Ms. Dorsey carried the lead vocal here, with Bowie only joining in on the choruses. Where the minimalism of the arrangement expanded to take in carefully modulated elements of the Drum + Bass style Bowie was exploring at this time. Oscillating between the calmly spoken calls and the squelching fury of the instrumental responses. The decisions to incorporate this song into this set was a brilliant one.

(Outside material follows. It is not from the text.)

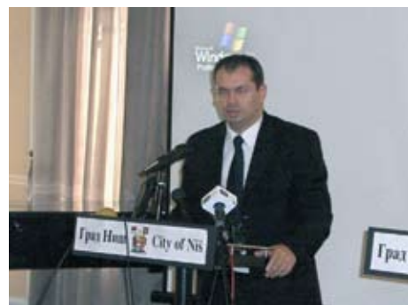
Мэр Города Ниша Милош Симонович

Министр Дулич поздравил мэра Симоновича с достигнутыми результатами, и добавил, что не так много муниципалитетов в Сербии признали важность решения проблем охраны окружающей среды.

Finally, the number two reason why I had to buy this edition was the ultimate song here. Bowie teased the audience “just stay…just for a minute or two” with scant recognition from the audience as the unfamiliar synth loop led them astray before Bowie let loose a “damn!” under his breath as Gabrels stuck the boot in on the distinctive riff at the heart of “Stay.” As pulsating synths spiraled upward against the funky rhythm that Zach Alford and Ms. Dorsey were putting down. The original arrangement was not taken to full embrace of Drum + Bass, but was still heavily altered to shake up the paradigm and to vigorously color outside of the song’s outlines.
What it was was every inch the showstopper that it had always been. Given the a full 7:41 to expand into an almost psychedelic version of the blistering Soul song. The guitar here was the least changed element of the song which helped to ground it against all of the pushing and pulling being done to it. With Gabrel’s final climactic solo finally cutting free of the song’s blueprint. What a thrill it was to hear this live and I’m gratified that this arrangement has been captured on disc here.
Until such time that the Bowie estate releases a 3xCD of “Night Two at The Chili Pepper,” this CD will hold a special place in my hear as at least an approximation of that utter and complete Bowie feast. The five piece band were necessarily built on a foundation of samples and loops to put across the Drum + Bass leanings of the “Earthling” material; but the level of musicianship that players like Garson, Dorsey, and Gabrels brought to the live playing ensured plenty of thrills.
And the set lists that Bowie was interested in exploring at this time were deep cut extravaganzas meant for the fans like myself who ended up sitting out the eighties and wondering if Bowie would ever rediscover his mojo. His tours of the nineties were proof that he was re-positioning himself in a more fitting place than his stadium years had evidenced. I’ll admit that I’ve not been bothered to buy all of the posthumous releases that the Bowie estate have been releasing, but I have enough of the live albums to know that they manage to supersede all of the official live releases in his canon. “Look At The Moon! [Live Phoenix Festival ’97]” remains in stock for $24.95 at the Bowie web store, but it won’t last forever. “Ouvre Le Chien [Live Dallas ’95]” is already sold out and expect all of the “Brilliant Live Adventures” series to follow suit sooner than later. I’ve got to admit, after hearing these two gems, the appearance of “Repetition” on the “Something In the Air [Live Paris ’99]” disc is whispering in my ear.
I had to have this after reading the above, and upon first listen, it does not disappoint! Thoroughly engaging and a most worthy addition to the Bowie canon.
LikeLiked by 1 person
Big Mark – On disc, it’s as close as I’ll ever get to that marathon we experienced on the night of October 8, 1997. So I’ll take it!